BMNCs from non-diabetic (NDM) and diabetic (DM) mice were cultured in EGM-2 medium with or without 20 μmol/l of 4-PBA for 7–8 days. a EOCs from 1-month-diabetic mice and their non-diabetic controls (white circles) were counted. b EOC quantification after 6 days of culture (n = 3 mice per group). c EOCs were counted. d EOC quantification after 6 days of culture (n = 3-6 mice per group). e In vitro migration assay of EOCs toward VEGF. f The migrated cells were stained with DAPI and counted. The results are expressed as fold of NDM control (four mice per group). Scale bars, 100 μm. All data are presented as mean ± SD. *P < 0.05, **P < 0.01, ***P < 0.001, Student’s t-test (a, b) and one-way ANOVA with Tukey’s post hoc test (c–f)

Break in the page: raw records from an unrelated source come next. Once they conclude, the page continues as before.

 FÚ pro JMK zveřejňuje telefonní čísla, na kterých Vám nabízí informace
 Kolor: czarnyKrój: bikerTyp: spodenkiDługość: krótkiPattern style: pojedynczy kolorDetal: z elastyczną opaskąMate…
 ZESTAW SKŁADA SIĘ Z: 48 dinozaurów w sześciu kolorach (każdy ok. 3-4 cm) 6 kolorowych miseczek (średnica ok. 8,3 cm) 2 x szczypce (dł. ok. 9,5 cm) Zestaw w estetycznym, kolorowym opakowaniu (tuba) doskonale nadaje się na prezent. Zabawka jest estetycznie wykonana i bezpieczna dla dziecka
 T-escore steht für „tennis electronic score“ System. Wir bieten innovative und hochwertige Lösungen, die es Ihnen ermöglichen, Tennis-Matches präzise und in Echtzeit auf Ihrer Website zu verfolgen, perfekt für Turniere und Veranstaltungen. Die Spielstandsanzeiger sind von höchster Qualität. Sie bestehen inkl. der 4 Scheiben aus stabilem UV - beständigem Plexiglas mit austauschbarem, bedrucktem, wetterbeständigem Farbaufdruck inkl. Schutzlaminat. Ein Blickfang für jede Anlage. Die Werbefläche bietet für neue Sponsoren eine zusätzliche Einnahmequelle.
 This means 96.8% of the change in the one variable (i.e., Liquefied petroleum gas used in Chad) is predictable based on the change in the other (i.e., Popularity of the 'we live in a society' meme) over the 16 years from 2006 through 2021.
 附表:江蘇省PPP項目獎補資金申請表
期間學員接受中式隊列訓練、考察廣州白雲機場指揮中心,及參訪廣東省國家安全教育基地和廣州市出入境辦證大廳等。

Systemic administration of 4-PBA and TUDCA improves CAC release and mitigates BM pathology in diabetic mice

Mobilization of CACs into the circulation upon vascular injury is critical for vascular repair26. To examine the effect of chemical chaperones on CAC release in vivo, 4-PBA and tauroursodeoxycholic acid (TUDCA; 40 mg/kg, twice a week) were administered via intraperitoneal injection in diabetic mice at 6 weeks after diabetes onsets. The dosage was titrated not to alter the blood glucose levels and body weights of the diabetic mice. After 6 weeks of treatment, CAC levels in the peripheral blood were enumerated by flow cytometry. Compared to control mice receiving vehicle treatment, CAC levels were significantly increased in the mice treated with 4-PBA or TUDCA (Fig. 5a). These results suggest that chemical chaperone treatment can improve CAC release from the BM. To determine whether 4-PBA and TUDCA had any effect on HSCs in BM, we quantified the HSCs by flow cytometry. As expected, HSCs were significantly elevated in diabetic mice as compared to non-diabetic controls, which were restored to normal levels mostly with 4-PBA treatment (Fig. 5b).

Fig. 5: Systemic administration of chemical chaperones improves CAC release and mitigates BM pathology in diabetic mice.
figure 5

Two-month diabetic mice were injected with 40 mg/kg of 4-PBA, 40 mg/kg of TUDCA, or PBS as control, twice a week for 6 weeks. Mononuclear cells from the BM or the peripheral blood were separated by Ficoll gradient centrifugation. a Number of peripheral blood CACs (Flk-1+/Sca-1+/CD34+; n = 7 mice per group). b Number of BM-HSCs (Lin/c-Kit+/Sca-1+/CD34+; n = 4 mice per group). c Immunohistochemistry showing GRP78 (red), IL-β (red), and TNF-α (green) in the BM sections of non-diabetic, diabetic, and diabetic mice after PBA treatment. d Mean fluorescence intensity of GRP78, IL-β, and TNF-α was quantified from four mice per group. Scale bars, 100 μm. All data are presented as mean ± SD. *P < 0.05, **P < 0.01, ***P < 0.001, one-way ANOVA with Tukey’s post hoc test

Next, we determined whether chemical chaperone treatment could alleviate BM pathology. Using immunohistochemistry, we examined ER stress and inflammation markers in BM sections of diabetic and non-diabetic mice. We found that levels of ER chaperone GRP78 and inflammatory markers IL-1β and TNF-α were significantly higher in diabetic BM as compared to non-diabetic control, which were remarkably reduced by 4-PBA treatment (Fig. 5c, d). This suggests that chemical chaperone mitigates BM ER stress and inflammation, potentially improving CAC release.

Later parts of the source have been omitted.